I am planning to build a media room [home theatre] in ½ of my garage.

I have room for up to 15 x 9 size.

Due to the garage door tracks the ceiling would have to go from 8' to 7' at the rear or 7' for the entire room. I am leaning toward the sloping ceiling.

How will that effect the acoustics?

The 2nd question is should I use the concrete block wall on one side of the room or put up a Sheetrock [quiet rock or similar product] wall to match the wall on the other side.

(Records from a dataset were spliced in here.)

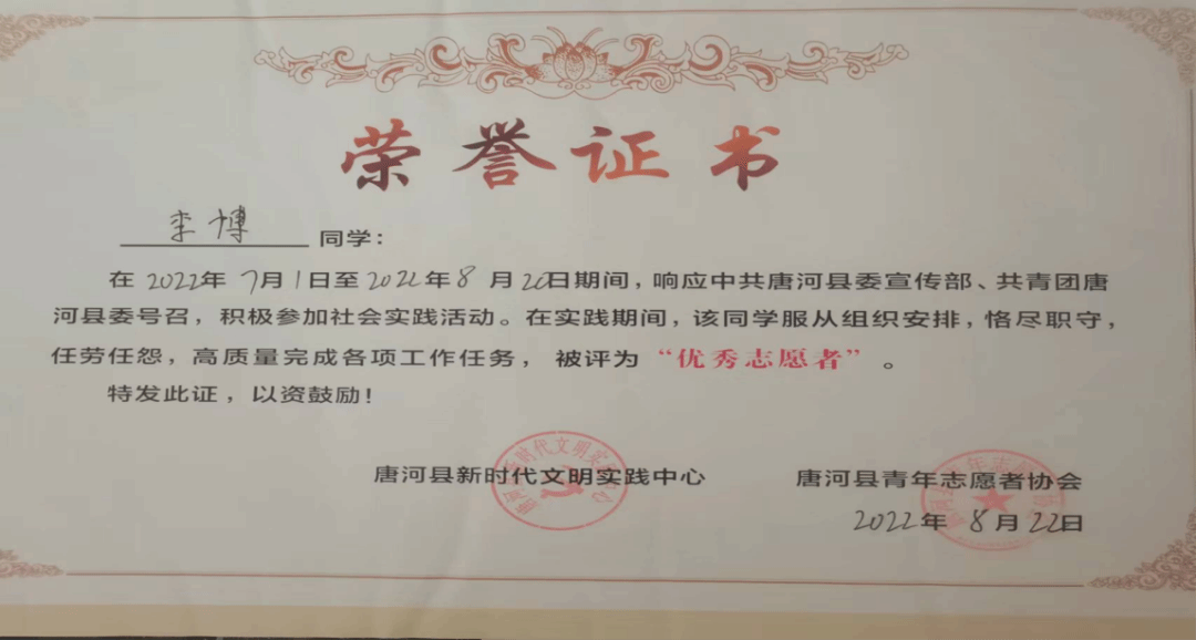 (团支部入党积极分子李博被评为“优秀志愿者”)
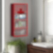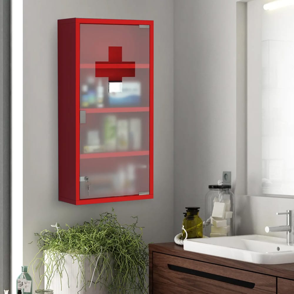 Medicinskab i stål med matteret glasdør / aflåseligt apoteksskab / vægskab med 4 hylder - Rød
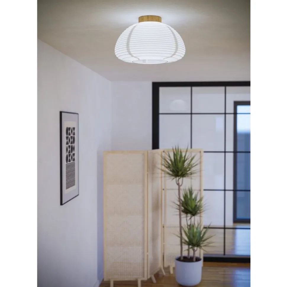 Eglo SUMMERHILL Plafondarmaturen hout, staal bruin / papier wit H: 245 mm | Ø 400 mm
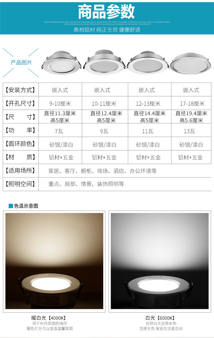 歐普led筒燈7w9公分超薄天花燈客廳吊頂燈嵌入式孔燈過道筒燈
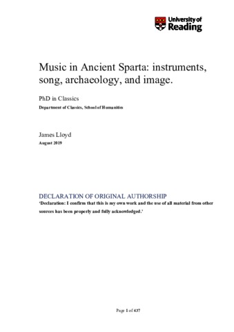 Lloyd, J. (2019) Music in Ancient Sparta: instruments, song, archaeology, and image. PhD thesis, University of Reading. doi: 10.48683/1926.00088938
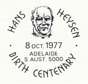 A total of 4,191 articles, including 47 registered, were cancelled with the special postmarker provided to commemorate the centenary of the birth of Sir Hans Heysen (1877-1968). The postmarker was in operation on 8 October 1977 at a temporary post office established at the South Australian Art Gallery.
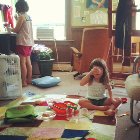 I have to admit, back in the Spring when I was moving all my kids’ craft stuff into my studio… I was a little worried. My idea was to make it a space for us to share. We were moving into a smaller home and there was no longer any room for all their painting/drawing stuff (there’s lots). I was planning to have them home with me this summer. Maybe we could share the studio?
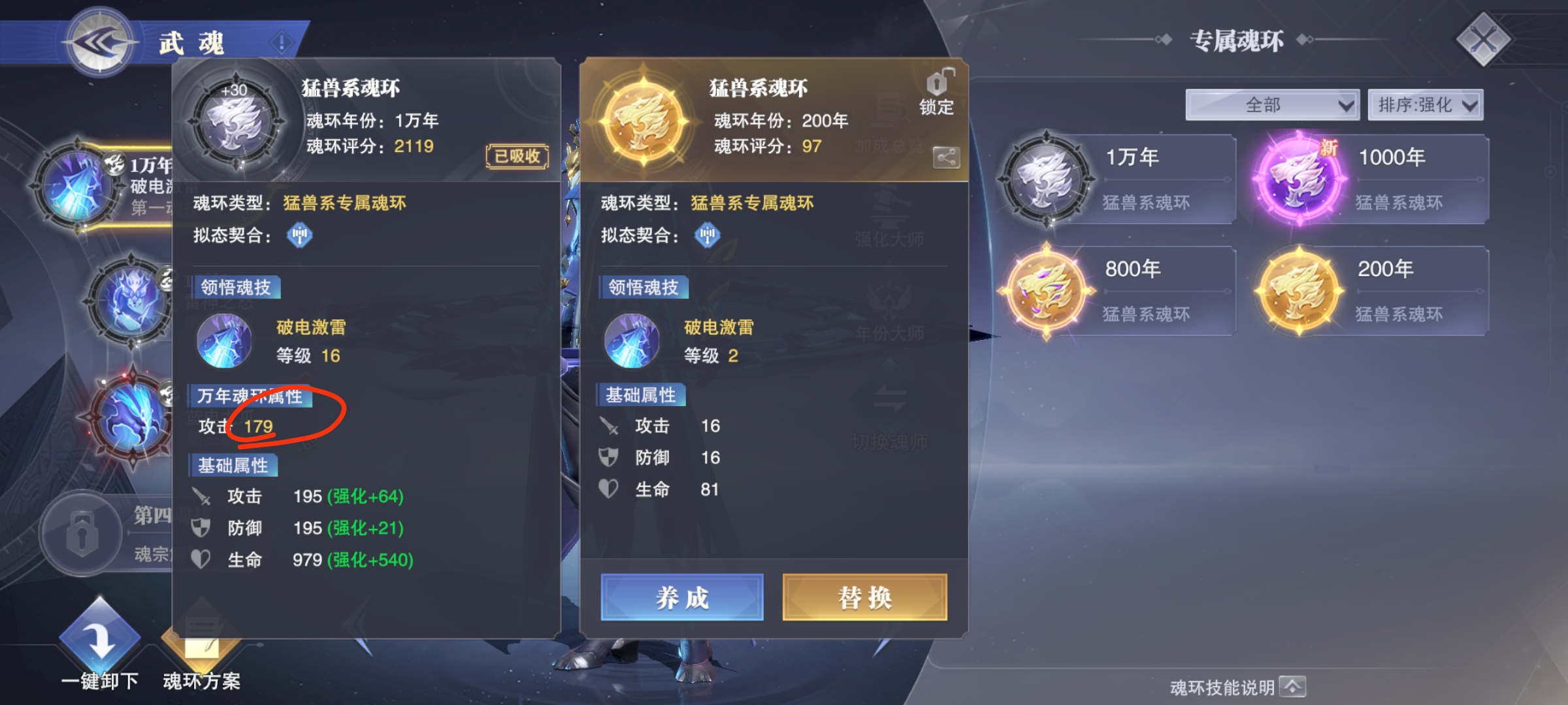 我们来看对比,万年和百年魂环,有好大的差别,攻击力,防御力,生命力,都有好大的提升吧,千年和万年魂环,就不用对比了吧,年限是魂环重重之重🙃
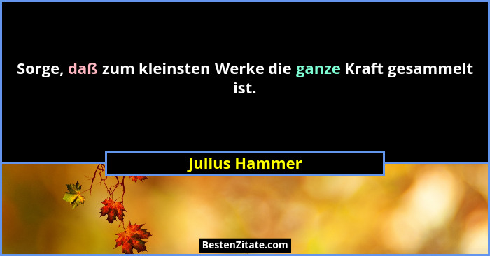 Sorge, daß zum kleinsten Werke die ganze Kraft gesammelt ist.
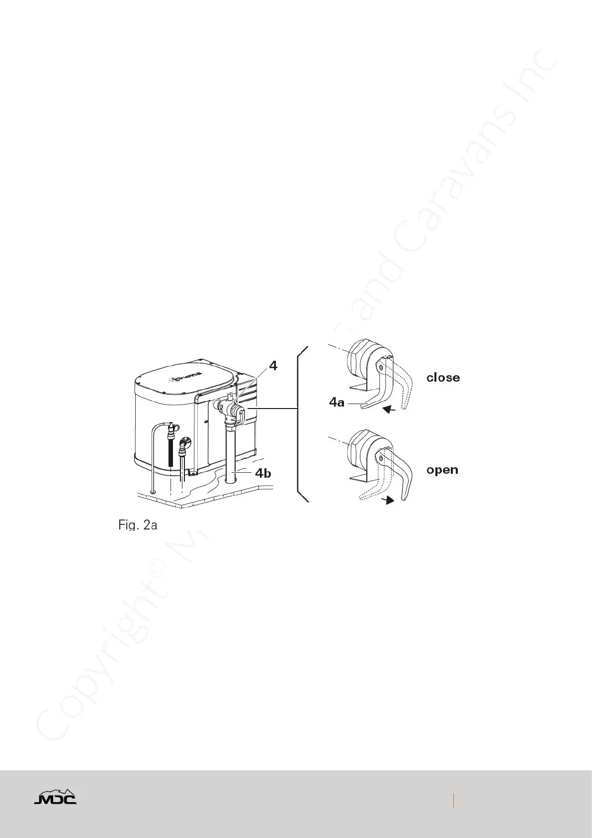 • Open drain valve (Fig.2 - 3). Lever in the “f” position (drain). The water heater is now drained directly to the
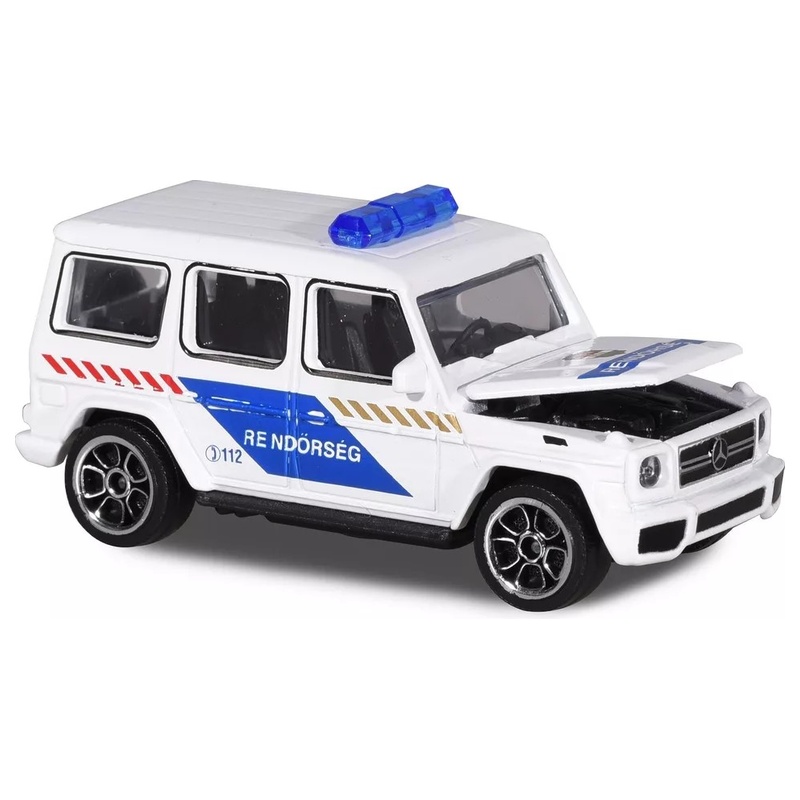 A Mercedes-AMG G 63 rendőrautó a Majorette S.O.S. Cars sorozat egyik legkarakteresebb darabja, amely a luxus terepjárók és a rendőrségi járművek hangulatát ötvözi. A modell 1:64 méretarányú, fém kivitelű, és a kereskedői leírások szerint nyitható elemmel is készül, ami még érdekesebbé teszi játék közben. A fehér rendőrségi festés nagyon jól áll ennek a szögletes, erőt sugárzó típusnak, ezért a gyűjteményben is könnyen kitűnik. Jó választás lehet azoknak, akik a különleges rendőrautókat vagy a Mercedes-AMG modelleket kedvelik.
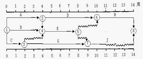 本题考查的是工作顺序安排。B 的总时差和自由时差不等,自由时差为 1 周,总时差为 3 周。
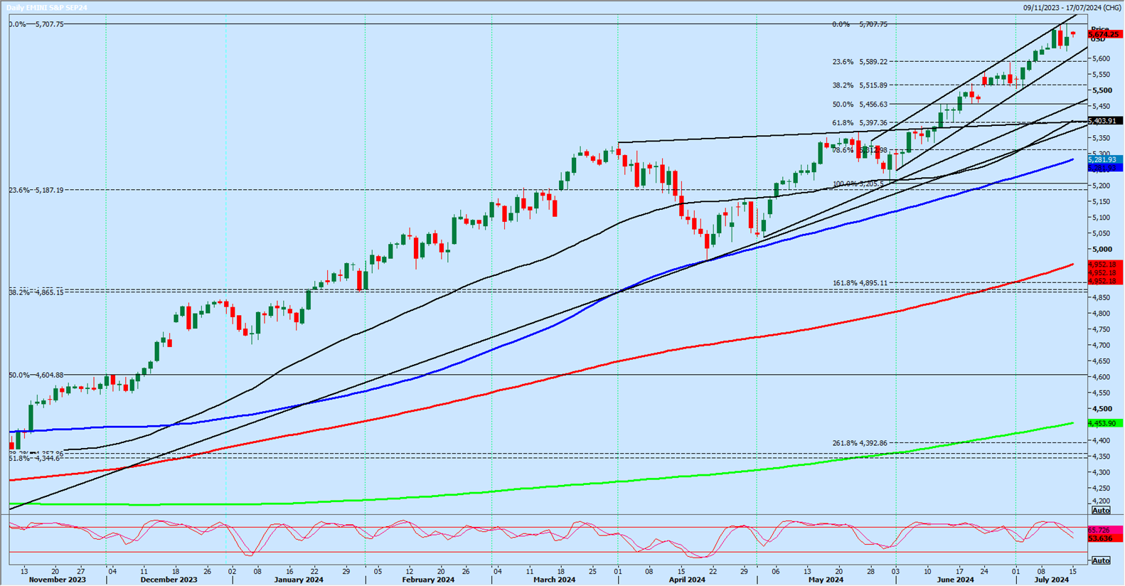We hit the next targets of 5601/04, 5611/13 & 5617/19, 5627/31, 5646/48 & now 5672/76 & 5705/07 last week. A new all time high exactly here before prices unexpectedly collapsed to wipe out all of Wednesday's gains. We wrote: I would at least expect a sideways consolidation to develop & in the very short term dome further minor losses are possible (even likely).
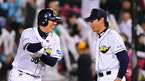 '2008 삼성 PAVV 프로야구' 두산 베어스와 삼성 라이온즈의 경기가 26일 잠실구장에서 벌어졌다. 3회말 2사 주자 2루 두산 김현수가 우중간 선취 1타점 적시타를 날린 후 1루에서 강인권 코치와 환하게 웃으며 얘기를 나누고 있다./잠실=민경훈 기자rumi@osen.co.kr [Copyright ⓒ 한국 최고의 스포츠...
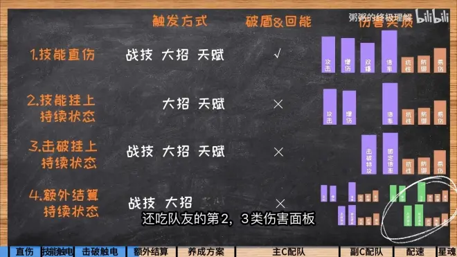 - 技能直伤可通过:战技、大招、天赋触发,且都能做到破盾和回能。

How will leaving the concrete block wall uncovered effect acoustics?


----------



## Destructobrat (Jul 4, 2013)

Not an easy question to answer until you get some gear going in there. However, I don't think your sloping will cause any issues. What equipment are you looking to get? Really nice time to prewire, btw.


----------



## stanrous (Jul 4, 2013)

Thanks for your response.

I am planning on using existing equipment as follows:

rear speakers B&W 600 series 2
center B&W

subwoofer: Velodyne VA-1012X subwoofer
10" active / 12" passive driver set. Extension down to 28hz.
Pioneer vsx-520 receiver [5to1 surround capable]
Sony BDP-S580 Bluray player

I will be getting:

Panasonic VT60 Plasma 50" TV

Front: floor standing speakers [Don’t know what kind yet]

14 or 16 awg wiring. Is 14 overkill?

What about the concrete block wall? Do I need to put up a sheetrock wall like the other side or can I leave as is. I can always add a SR wall later if I have to.


----------



## Destructobrat (Jul 4, 2013)

16 gauge is fine for a room that size. I don't think 14 is overkill though. Before I even consider the concrete wall question, how's the echo in there? Also, how loud do you want to get in there before it starts becoming a problem outside the garage?


----------



## stanrous (Jul 4, 2013)

The room has not been built yet so I don't know about echo. The concrete wall backs up to my yard so noise is not a problem.
I am planning to soundproof the other walls And ceiling.
That brings up another question about the soundproofing. Quiet rock s/r green glue/ both?


----------



## Destructobrat (Jul 4, 2013)

stanrous said:


> The room has not been built yet so I don't know about echo. The concrete wall backs up to my yard so noise is not a problem.
> I am planning to soundproof the other walls And ceiling.
> That brings up another question about the soundproofing. Quiet rock s/r green glue/ both?


You got me on the soundproofing question, so I did a little research. Looks like green glue with double drywall and installing solid core doors might be an option for you.

Check out this post at http://www.wired.com/culture/lifestyle/news/2007/06/soundproofing. Thought it was appropiate.

EVERYONE, PLEASE FEEL FREE TO CHIME IN WITH ANY IDEAS, SUGGESTIONS!!!


----------